Отворив дверь, они вошли в громадную кладовую, где хранились зимние
фрукты, симметрично расположенные рядами на длинных полках. Несколько
детей, семи-восьми лет, тепло и чисто одетых, пышущих здоровьем,
перебирали под наблюдением женщины плоды, откидывая испортившиеся.
- Видите, - сказал Агриколь, - мы везде, где можно, применяем детский
труд. Эти занятия доставляют детям развлечение, удовлетворяя потребности в
движении и деятельности, свойственные их возрасту; нельзя и придумать
лучшего времяпрепровождения для девочек и женщин.
- Как все разумно организовано!
- А если бы вы видели, как эти ребята на кухне стараются! Под
присмотром одной или двух женщин они работают за десятерых служанок!
- Ведь в этом возрасте любят _играть в кухню_! Они, должно быть, в
восторге.
- Да! Так же, под видом _игры в сад_, они работают в саду, поливают,
полют, собирают овощи и фрукты, расчищают аллеи граблями и так далее.

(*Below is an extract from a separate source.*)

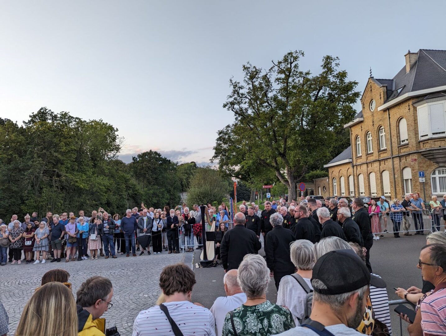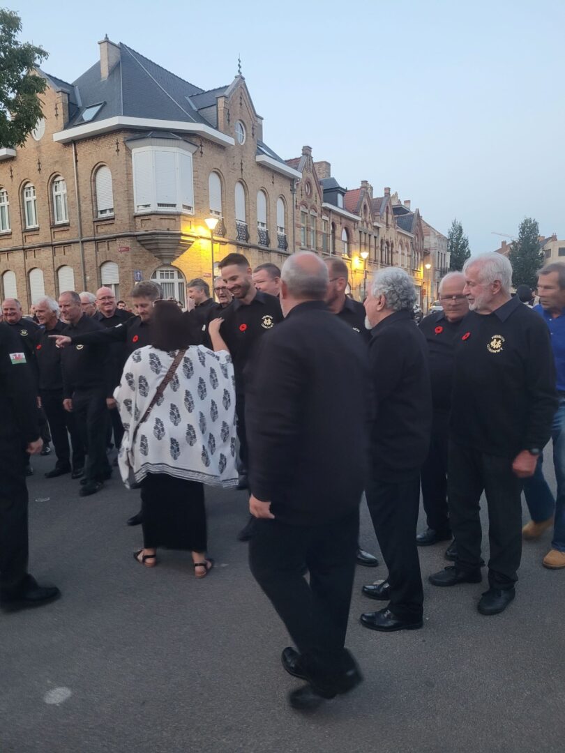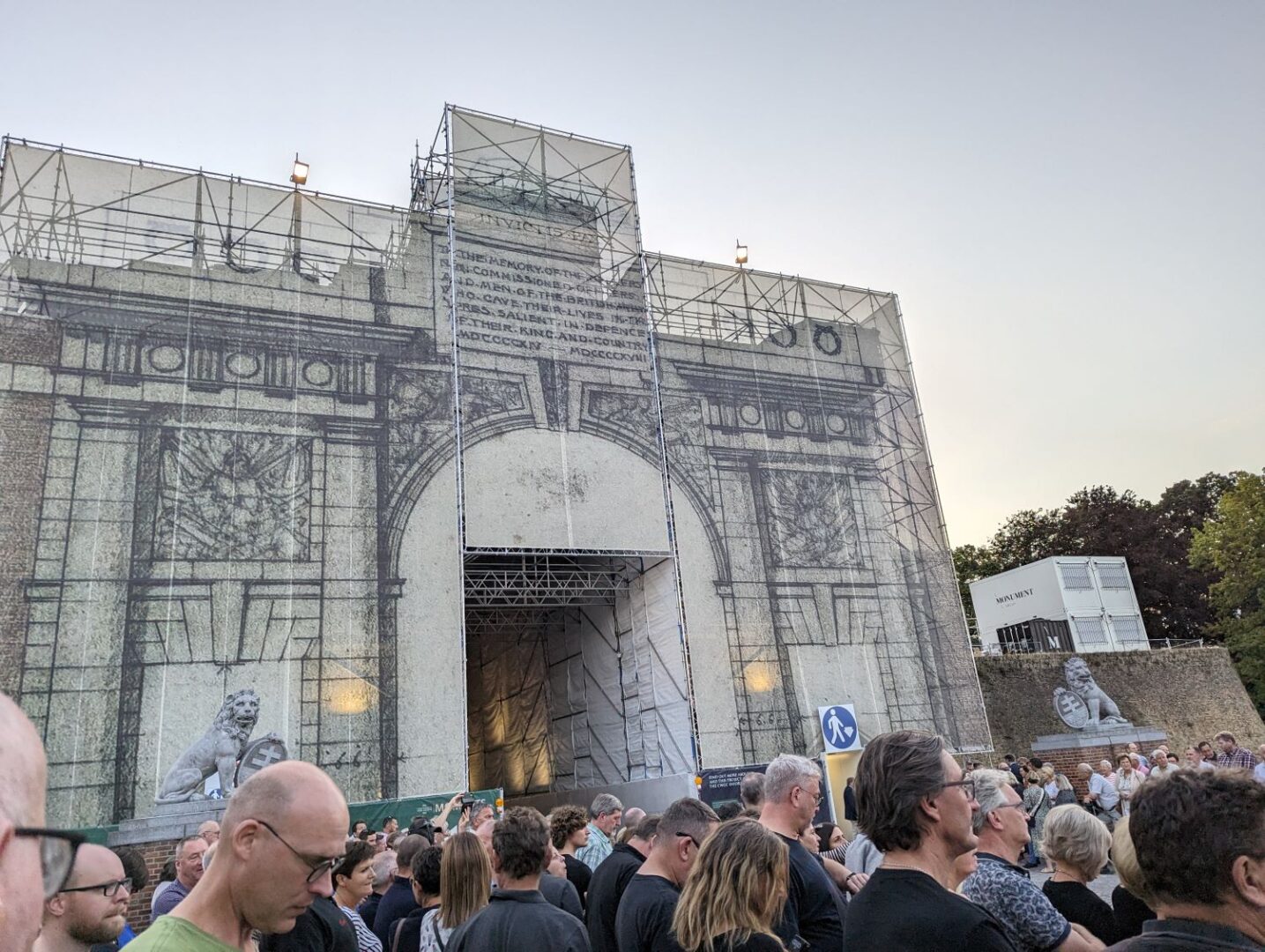 We then attended the Last Post ceremony at the Menin Gate. Although the structure is clad in protective material whilst it undergoes restoration, the ceremony takes place slightly to the east, on the canal bridge. On this evening a Welsh, male voice choir, “Meibion Goronwy” were part of the ceremony.

Словом, вся эта ватага детишек, которые обыкновенно лет до двенадцати
ничего не делают, здесь приносит много пользы. Помимо трех часов школьных
занятии, они с шести или семи лет заняты полезно и приятно целый день и,
экономя руки взрослых, зарабатывают больше, чем стоит их содержание. А
кроме того, знаете, мадемуазель Анжель, когда дети принимают участие в
работе, то их чистое, целомудренное и нежное соседство смягчающим образом
действует и на взрослых. Поневоле станешь осторожнее и в словах и в
поступках. Самый грубый человек не может не уважать детства.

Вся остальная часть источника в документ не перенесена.